§ TASK: Reproduce exactly the lines from the start of the records through the line containing "One advantage of", both included. Leave the pictures out.

§ DATA SUPPLIED:
= Beginning of Section =
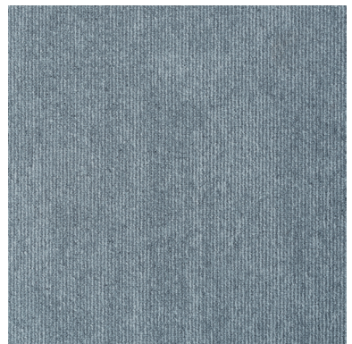
Translate - 72 Pewter
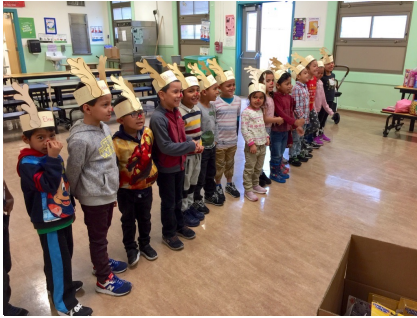
Children lining up and preparing to sing a song for Santa.
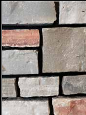
Good Harbor Blend
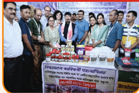
DIRECTORATE OF FISHERIES, ASSAM
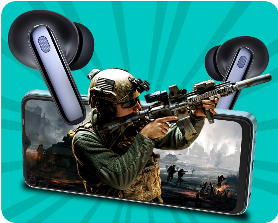
Image 3.2: The 45ms low latency feature provides a synchronized audio experience for gaming.
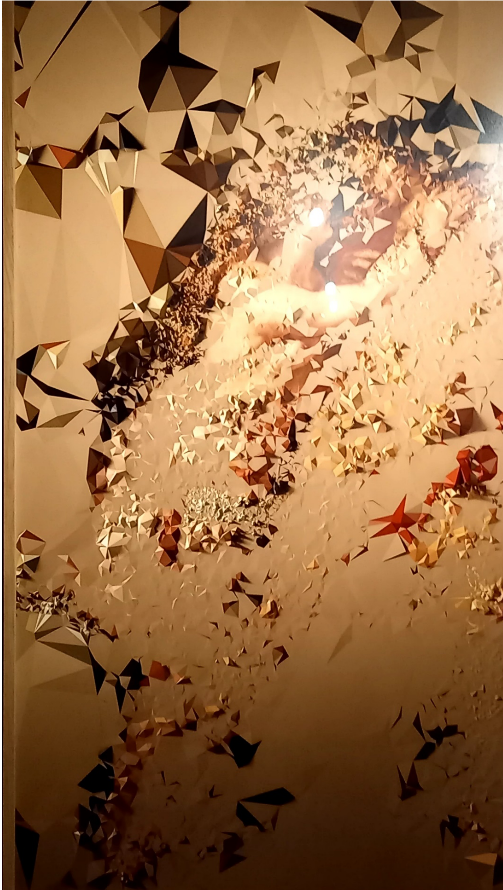
Fig. 3. Davide Quayola. Iconographies #16: Venus and Adonis after Rubens , 2016. Photo Susan Broadhurst, 29 th September, 2021.
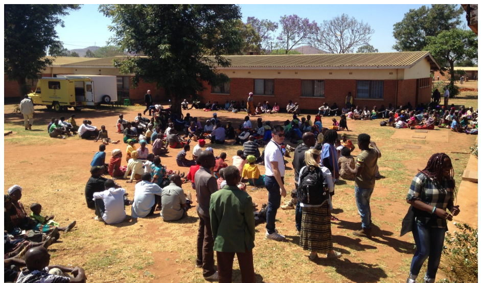
Waiting on the ground in the morning sun for ear and hearing care outreach clinic in Mponela. 250 people registered that day.
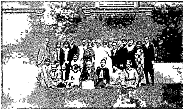
DELEGATES TO FIRST NATIONAL CONVENTION

One advantage of the conventions is that they give the delegates an opportunity to hear and to become acquainted with some of our important classical scholars. The names of the speakers whom we have been privileged to hear at these conventions will show the wealth of opportunity which the delegates have had of hearing the best that is being thought and written by leading classical scholars in various fields. Among others there have been Professors
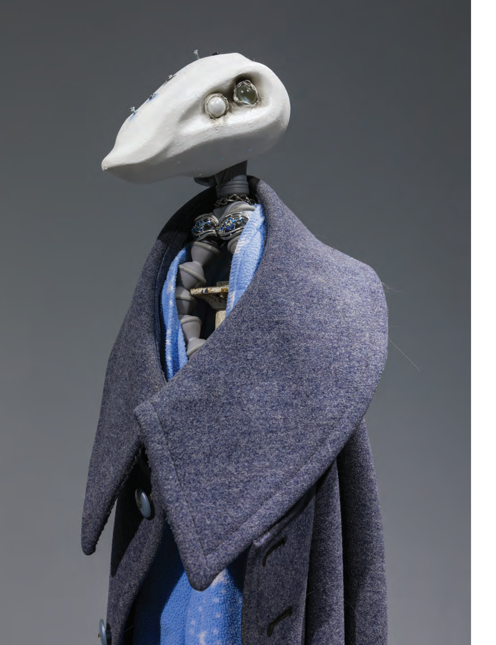
Towering Sentinel, 2019 (detail), installation view, Centinel, Swiss Institute, New York (opposit
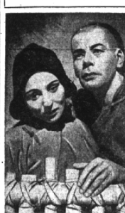
Luise Rainer and Paul Muni in "The Good Earth"

THE dramatic story of China's teeming millions, their struggles, their hardships, and the intensely human heartbeat of the great and little-known nation, is transcribed from Pearl S. Buck's novel to the talking screen in "The Good Earth," starring Paul Muni and Luise Rainer, which opens Sunday evening, April 25th, at the Cass Theatre. It will be shown twice daily thereafter at 2:30 and 8:30 p. m. Tickets are now on sale for all performances of this Metro-Goldwyn-Mayer triumph.
= End of Section =
§ OUTPUT:
Translate - 72 Pewter
Children lining up and preparing to sing a song for Santa.
Good Harbor Blend
DIRECTORATE OF FISHERIES, ASSAM
Image 3.2: The 45ms low latency feature provides a synchronized audio experience for gaming.
Fig. 3. Davide Quayola. Iconographies #16: Venus and Adonis after Rubens , 2016. Photo Susan Broadhurst, 29 th September, 2021.
Waiting on the ground in the morning sun for ear and hearing care outreach clinic in Mponela. 250 people registered that day.
DELEGATES TO FIRST NATIONAL CONVENTION

One advantage of the conventions is that they give the delegates an opportunity to hear and to become acquainted with some of our important classical scholars. The names of the speakers whom we have been privileged to hear at these conventions will show the wealth of opportunity which the delegates have had of hearing the best that is being thought and written by leading classical scholars in various fields. Among others there have been Professors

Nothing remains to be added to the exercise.